(Beginning of Records shown)
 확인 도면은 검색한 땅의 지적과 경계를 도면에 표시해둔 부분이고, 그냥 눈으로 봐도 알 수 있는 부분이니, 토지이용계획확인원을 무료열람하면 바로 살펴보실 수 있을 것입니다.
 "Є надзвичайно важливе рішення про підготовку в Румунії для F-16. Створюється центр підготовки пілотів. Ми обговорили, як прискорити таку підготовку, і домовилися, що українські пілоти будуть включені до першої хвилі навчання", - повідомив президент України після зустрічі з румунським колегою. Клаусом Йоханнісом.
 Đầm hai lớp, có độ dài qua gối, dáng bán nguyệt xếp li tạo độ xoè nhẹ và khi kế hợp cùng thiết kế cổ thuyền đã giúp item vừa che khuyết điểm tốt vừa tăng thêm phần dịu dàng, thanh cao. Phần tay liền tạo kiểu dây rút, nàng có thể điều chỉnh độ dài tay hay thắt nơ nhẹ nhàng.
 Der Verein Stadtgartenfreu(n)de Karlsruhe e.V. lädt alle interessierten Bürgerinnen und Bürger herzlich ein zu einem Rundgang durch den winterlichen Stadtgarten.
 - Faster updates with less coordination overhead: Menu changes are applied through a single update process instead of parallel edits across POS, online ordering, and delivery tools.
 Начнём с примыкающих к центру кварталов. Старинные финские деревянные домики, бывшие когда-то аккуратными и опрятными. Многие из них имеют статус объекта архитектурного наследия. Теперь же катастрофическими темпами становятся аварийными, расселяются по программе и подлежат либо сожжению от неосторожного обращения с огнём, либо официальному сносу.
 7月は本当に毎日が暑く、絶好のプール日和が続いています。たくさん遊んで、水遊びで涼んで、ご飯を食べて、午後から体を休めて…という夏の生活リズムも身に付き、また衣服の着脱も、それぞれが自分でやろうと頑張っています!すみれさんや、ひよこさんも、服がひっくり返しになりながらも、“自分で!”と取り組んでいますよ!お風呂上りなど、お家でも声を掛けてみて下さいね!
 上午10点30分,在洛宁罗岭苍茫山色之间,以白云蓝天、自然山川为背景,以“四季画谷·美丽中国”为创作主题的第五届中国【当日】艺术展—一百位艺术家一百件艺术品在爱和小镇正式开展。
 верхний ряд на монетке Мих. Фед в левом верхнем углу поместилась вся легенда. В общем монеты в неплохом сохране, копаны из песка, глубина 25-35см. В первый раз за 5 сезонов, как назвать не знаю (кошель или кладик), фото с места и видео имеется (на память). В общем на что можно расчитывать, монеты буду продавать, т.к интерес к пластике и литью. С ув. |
(End of Records shown)
- What you are asked to do: Nothing in the entries above should differ when you return them in full.

- Task response:
 확인 도면은 검색한 땅의 지적과 경계를 도면에 표시해둔 부분이고, 그냥 눈으로 봐도 알 수 있는 부분이니, 토지이용계획확인원을 무료열람하면 바로 살펴보실 수 있을 것입니다.
 "Є надзвичайно важливе рішення про підготовку в Румунії для F-16. Створюється центр підготовки пілотів. Ми обговорили, як прискорити таку підготовку, і домовилися, що українські пілоти будуть включені до першої хвилі навчання", - повідомив президент України після зустрічі з румунським колегою. Клаусом Йоханнісом.
 Đầm hai lớp, có độ dài qua gối, dáng bán nguyệt xếp li tạo độ xoè nhẹ và khi kế hợp cùng thiết kế cổ thuyền đã giúp item vừa che khuyết điểm tốt vừa tăng thêm phần dịu dàng, thanh cao. Phần tay liền tạo kiểu dây rút, nàng có thể điều chỉnh độ dài tay hay thắt nơ nhẹ nhàng.
 Der Verein Stadtgartenfreu(n)de Karlsruhe e.V. lädt alle interessierten Bürgerinnen und Bürger herzlich ein zu einem Rundgang durch den winterlichen Stadtgarten.
 - Faster updates with less coordination overhead: Menu changes are applied through a single update process instead of parallel edits across POS, online ordering, and delivery tools.
 Начнём с примыкающих к центру кварталов. Старинные финские деревянные домики, бывшие когда-то аккуратными и опрятными. Многие из них имеют статус объекта архитектурного наследия. Теперь же катастрофическими темпами становятся аварийными, расселяются по программе и подлежат либо сожжению от неосторожного обращения с огнём, либо официальному сносу.
 7月は本当に毎日が暑く、絶好のプール日和が続いています。たくさん遊んで、水遊びで涼んで、ご飯を食べて、午後から体を休めて…という夏の生活リズムも身に付き、また衣服の着脱も、それぞれが自分でやろうと頑張っています!すみれさんや、ひよこさんも、服がひっくり返しになりながらも、“自分で!”と取り組んでいますよ!お風呂上りなど、お家でも声を掛けてみて下さいね!
 上午10点30分,在洛宁罗岭苍茫山色之间,以白云蓝天、自然山川为背景,以“四季画谷·美丽中国”为创作主题的第五届中国【当日】艺术展—一百位艺术家一百件艺术品在爱和小镇正式开展。
 верхний ряд на монетке Мих. Фед в левом верхнем углу поместилась вся легенда. В общем монеты в неплохом сохране, копаны из песка, глубина 25-35см. В первый раз за 5 сезонов, как назвать не знаю (кошель или кладик), фото с места и видео имеется (на память). В общем на что можно расчитывать, монеты буду продавать, т.к интерес к пластике и литью. С ув. |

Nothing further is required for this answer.